The agency will want to know whether the previous uses could have involved the uses of the same solvents that are in the groundwater from the off-site source.

Besides summarizing the complete history, the regulatory agency will usually want verification that the Property is contaminated and therefore it is often necessary to perform Phase 2 soil and groundwater investigation. Historical Phase 2 information may also be valuable for agency determination. See next page for recent sample projects:

ERAS has significant recent experience in obtaining comfort letters and the following is a summary of several recent projects:

1500-1501 Space Park Drive, Santa Clara
ERAS transmitted ESA report to representative of RWQCB. The Property was located in a well known plume of volatile organic compounds (VOC) aka solvents. Historical research indicated no historical use of these chemicals at the Property. No further documentation was required to obtain letter.

Total time to obtain Letter: 3 Months
Total cost:~$2,500

3266-3324 Investment Boulevard, Hayward
Monitoring wells were discovered near the up-gradient and down-gradient borders of Property. Samples collected from wells indicated solvents in the up-gradient well but not the down-gradient well. Results of Phase 1 and Phase 2 monitoring results were provided to representative at the RWQCB.

Total time to obtain Letter: 2 ½ months
Total cost:~$7,000

462-472 Vista Way, Milpitas
Contamination by solvents detected on up-gradient Property line. After review of ESA by RWQCB six soil borings and two sub-slab vapor sample borings were proposed and agreed to by RWQCB.

Total time to obtain Letter: 2 ½ Months
Total cost:~$11,000

Note that comfort letters CANNOT be negotiated from city or county agencies if they are the oversight agency for the leak case. This excludes most properties contaminated by gasoline station leaks.

Comfort letters are written by regulatory agencies to clear a given property from financial liability for cleanup of contamination from an off-site source. The Small Business Administration (SBA) requires these letters in order to approve financing of contaminated Property. In the past the RWQCB has issued these letters.

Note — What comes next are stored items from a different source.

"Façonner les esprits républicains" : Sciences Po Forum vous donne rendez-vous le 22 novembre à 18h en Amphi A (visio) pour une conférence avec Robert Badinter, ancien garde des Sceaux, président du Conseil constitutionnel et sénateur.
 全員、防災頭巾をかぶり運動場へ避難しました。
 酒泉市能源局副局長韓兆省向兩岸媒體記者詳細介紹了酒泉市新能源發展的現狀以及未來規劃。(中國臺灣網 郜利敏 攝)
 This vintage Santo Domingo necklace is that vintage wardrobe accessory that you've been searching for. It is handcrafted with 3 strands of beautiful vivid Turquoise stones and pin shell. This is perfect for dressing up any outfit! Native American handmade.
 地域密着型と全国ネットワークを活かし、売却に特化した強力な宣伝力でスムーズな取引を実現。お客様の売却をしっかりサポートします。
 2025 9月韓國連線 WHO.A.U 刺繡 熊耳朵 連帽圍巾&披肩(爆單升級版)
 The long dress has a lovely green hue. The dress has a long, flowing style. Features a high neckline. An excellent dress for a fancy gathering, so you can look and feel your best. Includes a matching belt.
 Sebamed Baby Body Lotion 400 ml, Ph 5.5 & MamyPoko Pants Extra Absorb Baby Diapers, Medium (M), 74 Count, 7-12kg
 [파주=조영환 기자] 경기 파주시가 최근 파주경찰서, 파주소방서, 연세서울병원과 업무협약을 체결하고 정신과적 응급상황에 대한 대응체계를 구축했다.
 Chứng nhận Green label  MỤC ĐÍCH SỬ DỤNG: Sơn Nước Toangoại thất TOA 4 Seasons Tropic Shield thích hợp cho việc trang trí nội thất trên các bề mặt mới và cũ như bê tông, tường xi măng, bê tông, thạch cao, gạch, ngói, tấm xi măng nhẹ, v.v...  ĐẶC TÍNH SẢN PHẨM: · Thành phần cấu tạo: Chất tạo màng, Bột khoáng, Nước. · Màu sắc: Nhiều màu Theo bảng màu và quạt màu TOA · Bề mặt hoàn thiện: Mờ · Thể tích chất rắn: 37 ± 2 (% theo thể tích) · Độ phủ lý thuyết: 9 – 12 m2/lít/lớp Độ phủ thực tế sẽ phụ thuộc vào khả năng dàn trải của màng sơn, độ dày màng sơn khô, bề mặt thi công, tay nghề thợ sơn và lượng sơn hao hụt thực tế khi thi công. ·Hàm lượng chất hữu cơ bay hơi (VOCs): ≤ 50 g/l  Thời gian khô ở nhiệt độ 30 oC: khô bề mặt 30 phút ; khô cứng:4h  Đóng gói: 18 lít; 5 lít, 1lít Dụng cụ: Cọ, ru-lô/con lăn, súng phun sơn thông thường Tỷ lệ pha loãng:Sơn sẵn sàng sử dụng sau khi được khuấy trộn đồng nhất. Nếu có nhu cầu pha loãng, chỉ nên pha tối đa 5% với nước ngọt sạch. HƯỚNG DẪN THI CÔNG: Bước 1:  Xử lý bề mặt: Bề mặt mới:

The process was formal and it involved detailed review of a Phase 1 Environmental Site Assessment (ESA).

In addition to the ESA report, a written request would be made by an environmental consultant that would usually expedite the process. In some cases, Phase 2 subsurface groundwater information was required by the RWQCB. In other cases the RWQCB would not issue a comfort letter, even with Phase 2 data. Their refusal was usually for sites in known plume areas where the site history was not or could not be sufficiently documented.

Comfort letters are issued almost exclusively for solvent leak cases. In cases where a Property was contaminated by a fuel leak, it has not been possible to obtain a comfort letter from the local agency (usually a health department such as San Mateo County Department of Environmental Health).

ERAS has also been recently involved with obtaining a comfort letter from the Environmental Protection Agency (listed on NPL list) for a site in Mountain View. ERAS has also discussed these letters with representatives of the Department of Toxic Substances Control (DTSC).